- DATA UNDER STUDY:

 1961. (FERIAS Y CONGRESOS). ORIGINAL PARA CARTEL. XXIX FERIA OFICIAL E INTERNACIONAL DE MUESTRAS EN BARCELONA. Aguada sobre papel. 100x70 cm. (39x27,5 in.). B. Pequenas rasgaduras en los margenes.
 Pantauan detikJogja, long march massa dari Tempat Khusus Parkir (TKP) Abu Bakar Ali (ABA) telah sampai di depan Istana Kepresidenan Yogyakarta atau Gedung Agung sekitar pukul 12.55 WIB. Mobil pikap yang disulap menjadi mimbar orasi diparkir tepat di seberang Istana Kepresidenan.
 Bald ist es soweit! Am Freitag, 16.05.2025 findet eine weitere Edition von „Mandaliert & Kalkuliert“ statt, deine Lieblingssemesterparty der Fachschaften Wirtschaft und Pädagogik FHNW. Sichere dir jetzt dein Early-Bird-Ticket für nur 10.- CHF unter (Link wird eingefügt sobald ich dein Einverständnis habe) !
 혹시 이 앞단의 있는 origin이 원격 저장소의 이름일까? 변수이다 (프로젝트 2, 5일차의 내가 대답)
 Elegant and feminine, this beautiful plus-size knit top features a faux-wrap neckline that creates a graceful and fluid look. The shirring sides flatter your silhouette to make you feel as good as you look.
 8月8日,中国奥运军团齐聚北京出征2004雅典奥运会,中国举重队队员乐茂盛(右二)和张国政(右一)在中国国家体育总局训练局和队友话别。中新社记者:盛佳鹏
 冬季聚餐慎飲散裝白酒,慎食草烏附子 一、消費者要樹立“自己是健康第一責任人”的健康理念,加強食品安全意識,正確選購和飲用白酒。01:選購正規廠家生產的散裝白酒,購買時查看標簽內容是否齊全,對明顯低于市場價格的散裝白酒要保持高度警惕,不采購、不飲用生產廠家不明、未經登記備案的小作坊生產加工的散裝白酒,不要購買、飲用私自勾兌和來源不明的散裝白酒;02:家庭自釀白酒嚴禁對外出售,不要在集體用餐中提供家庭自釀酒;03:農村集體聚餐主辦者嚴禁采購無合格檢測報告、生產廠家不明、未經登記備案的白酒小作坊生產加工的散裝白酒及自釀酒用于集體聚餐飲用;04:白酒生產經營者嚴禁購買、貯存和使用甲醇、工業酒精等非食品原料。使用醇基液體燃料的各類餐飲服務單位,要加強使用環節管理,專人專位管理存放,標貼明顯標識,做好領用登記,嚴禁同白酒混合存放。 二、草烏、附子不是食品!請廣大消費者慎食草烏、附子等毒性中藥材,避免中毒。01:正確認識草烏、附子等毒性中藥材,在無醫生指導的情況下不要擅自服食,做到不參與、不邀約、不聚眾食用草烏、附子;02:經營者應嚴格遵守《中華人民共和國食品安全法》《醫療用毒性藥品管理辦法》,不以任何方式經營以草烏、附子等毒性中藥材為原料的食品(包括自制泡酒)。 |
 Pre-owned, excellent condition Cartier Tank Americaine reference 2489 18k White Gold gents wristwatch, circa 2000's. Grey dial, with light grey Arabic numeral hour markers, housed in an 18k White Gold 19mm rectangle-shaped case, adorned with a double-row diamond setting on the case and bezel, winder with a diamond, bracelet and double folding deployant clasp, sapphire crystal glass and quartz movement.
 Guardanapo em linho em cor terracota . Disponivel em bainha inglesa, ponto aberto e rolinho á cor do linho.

==

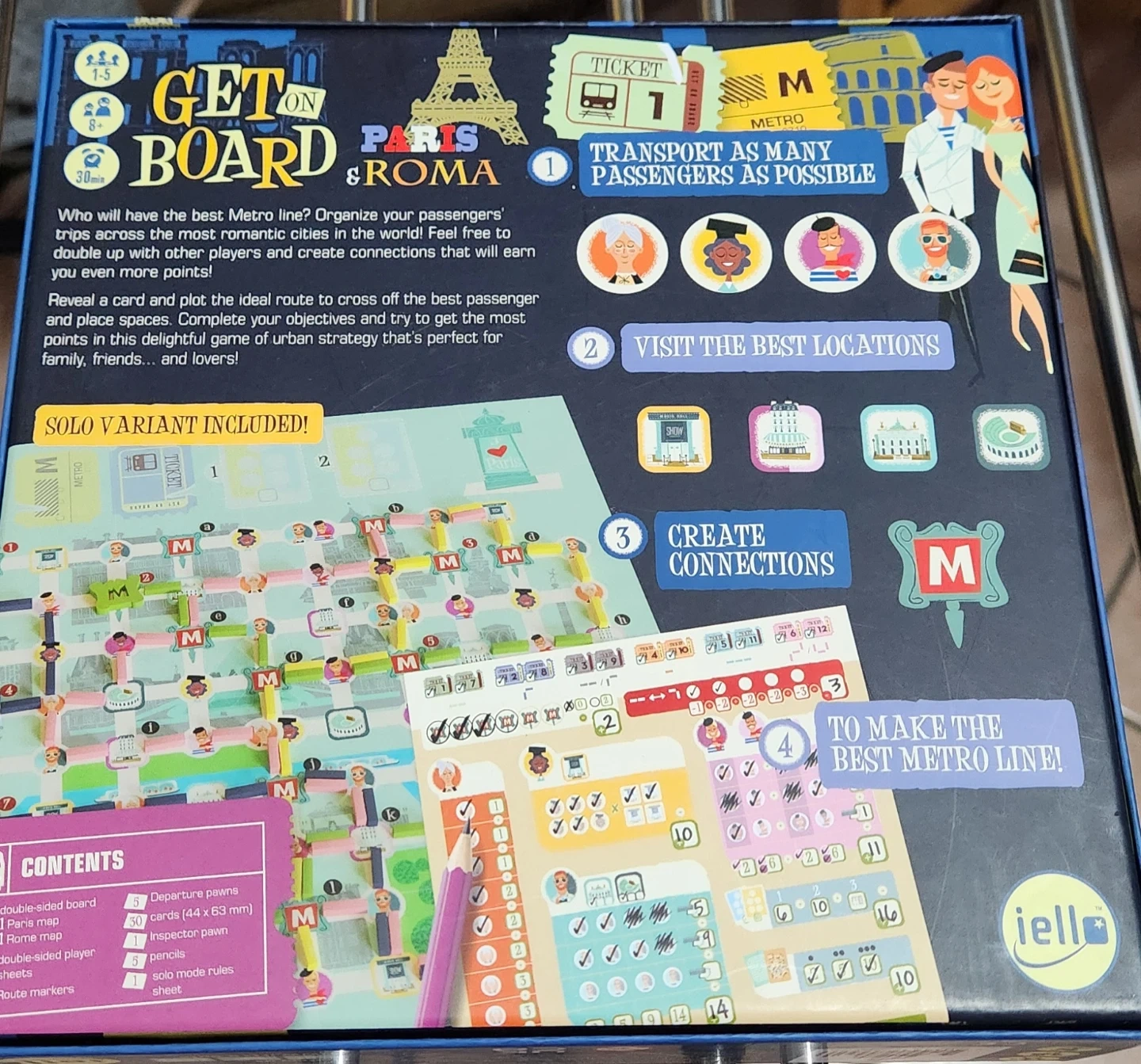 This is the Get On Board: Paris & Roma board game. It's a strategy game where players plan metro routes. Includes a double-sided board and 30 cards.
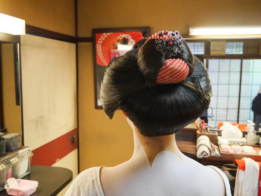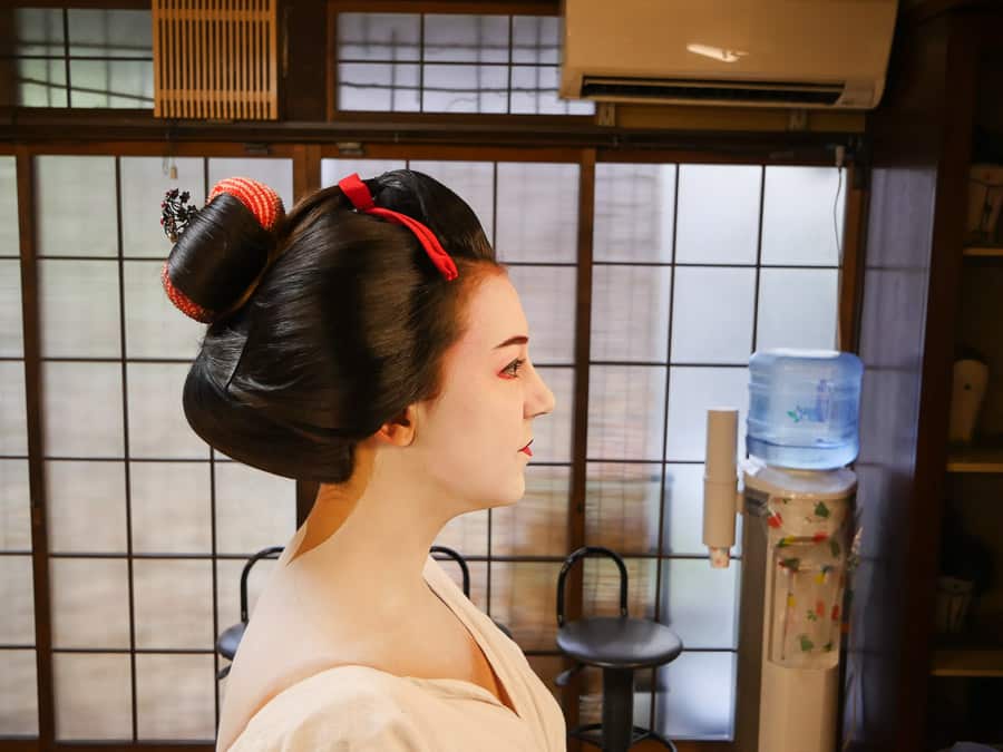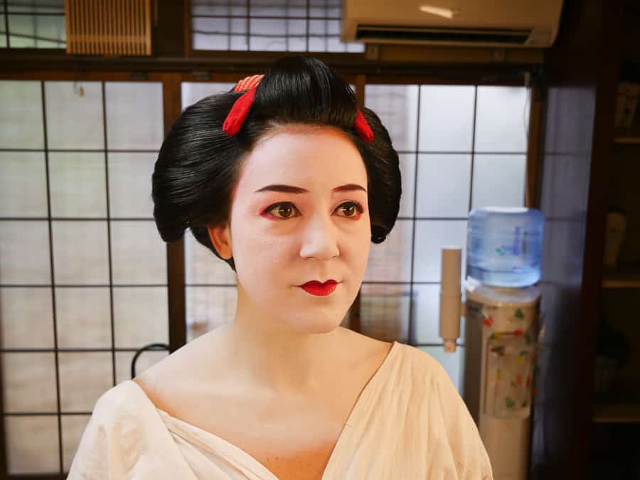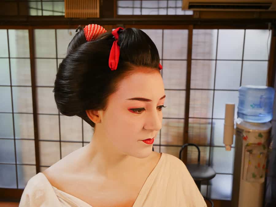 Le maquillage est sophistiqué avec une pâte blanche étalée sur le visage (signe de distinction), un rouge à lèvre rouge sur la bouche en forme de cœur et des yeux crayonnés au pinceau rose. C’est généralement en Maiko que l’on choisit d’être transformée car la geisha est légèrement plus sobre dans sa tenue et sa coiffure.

- EXERCISE PROMPT:
Would you print exactly, and only, the lines of the data above from the line with "1961. (FERIAS Y" through the line with "Elegant and feminine, this", inclusive?

- TASK RESPONSE:
 1961. (FERIAS Y CONGRESOS). ORIGINAL PARA CARTEL. XXIX FERIA OFICIAL E INTERNACIONAL DE MUESTRAS EN BARCELONA. Aguada sobre papel. 100x70 cm. (39x27,5 in.). B. Pequenas rasgaduras en los margenes.
 Pantauan detikJogja, long march massa dari Tempat Khusus Parkir (TKP) Abu Bakar Ali (ABA) telah sampai di depan Istana Kepresidenan Yogyakarta atau Gedung Agung sekitar pukul 12.55 WIB. Mobil pikap yang disulap menjadi mimbar orasi diparkir tepat di seberang Istana Kepresidenan.
 Bald ist es soweit! Am Freitag, 16.05.2025 findet eine weitere Edition von „Mandaliert & Kalkuliert“ statt, deine Lieblingssemesterparty der Fachschaften Wirtschaft und Pädagogik FHNW. Sichere dir jetzt dein Early-Bird-Ticket für nur 10.- CHF unter (Link wird eingefügt sobald ich dein Einverständnis habe) !
 혹시 이 앞단의 있는 origin이 원격 저장소의 이름일까? 변수이다 (프로젝트 2, 5일차의 내가 대답)
 Elegant and feminine, this beautiful plus-size knit top features a faux-wrap neckline that creates a graceful and fluid look. The shirring sides flatter your silhouette to make you feel as good as you look.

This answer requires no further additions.